Time and date: 15:00-, April 15, 2026
Room: Meeting room for Mathematics and Physics Departments, 4rd Florr, 31 East Building + Webcast via Zoom
Speaker: Jose Carlos Pelayo (QMB)
Title: Multipolar structure in a Rydberg chain with a Four-level Förster resonance
Abstract: We investigate a chain of four-level Rydberg atoms exhibiting both two-level and four-level Förster resonances, the latter enabled by a local light field [1]. We analyze the system using a mean-field approach based on an effective spin-1/2 representation near the degenerate levels, and compare it with a full spin-3/2 mean-field treatment. Within the effective spin-1/2 description, we identify XY ferromagnetic, XY antiferromagnetic phases [2] and Ising Néel. Mapping these states back to the full spin-3/2 Hilbert space reveals an associated multipolar structure, that is pronounced near the four-level Förster resonance. These results are compared against matrix product state (MPS) calculations.
[1] Emperauger, Gabriel, et al. "Benchmarking direct and indirect dipolar spin-exchange interactions between two Rydberg atoms." Physical Review A 111 no. 6 (2025)
[2] Chen, Cheng, et al. "Continuous symmetry breaking in a two-dimensional Rydberg array." Nature 616 no. 7958 (2023)

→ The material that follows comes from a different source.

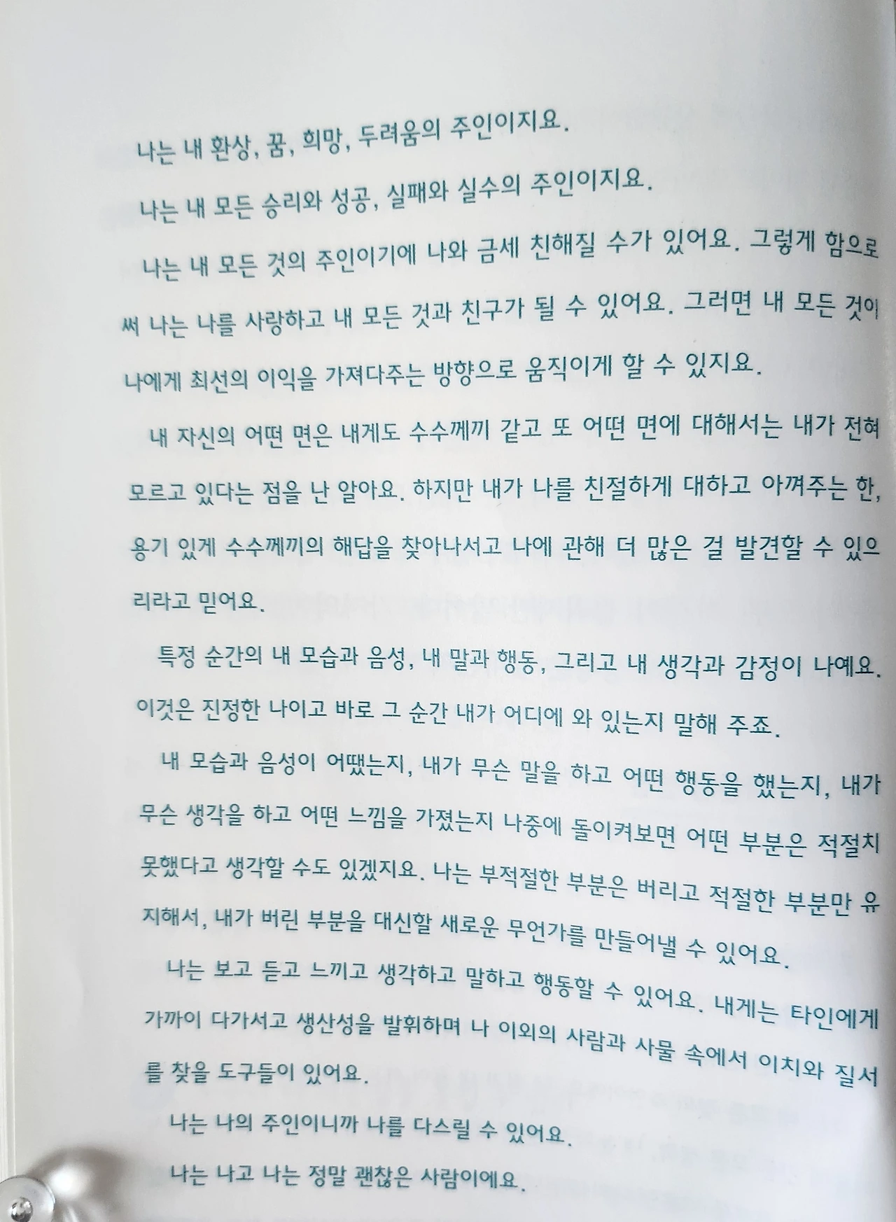 나는 나예요. 온 세상에 어느 누구도 나와 완전히 똑같은 사람은 없어요. 어떤 부분이 나와 같은 사람은 있지만 나와 완전히 똑같은 사람은 없지요. 그러니까 나에게서 나오는 모든 건 진정으로 나의 것이죠. 그걸 선택한 건 오로지 나뿐이니까요. 나는 내 모든 것의 주인이에요.

Time and date: 15:00-, April 22, 2026
Room: Meeting room for Mathematics and Physics Departments, 4rd Florr, 31 East Building + Webcast via Zoom
Speaker: Rito Furuchi (QMB)
Title: Domain formation dynamics in Rydberg-atom arrays described by a mixed-field Ising model on a square lattice
Abstract: Rydberg-atom systems have recently attracted considerable attention as highly controllable platforms for quantum simulation and quantum computation. Because both the spatial arrangement of atoms and the interactions induced by Rydberg excitation can be controlled, these systems provide a suitable platform for investigating nonequilibrium dynamics. In particular, a Rydberg-atom system can be described by mapping the ground and excited states of each atom onto pseudospin states can be described by a S=1/2 mixed-field Ising model [1]. Recent experiments [2] using such a Rydberg-atom system have addressed quantum dynamics after a quantum quench of the transverse and longitudinal fields starting from a fully polarized (all spin-down) state. It has been found that when a resonance condition called facilitation condition is satisfied, the cluster size of up-spin domains significantly grows in time [2].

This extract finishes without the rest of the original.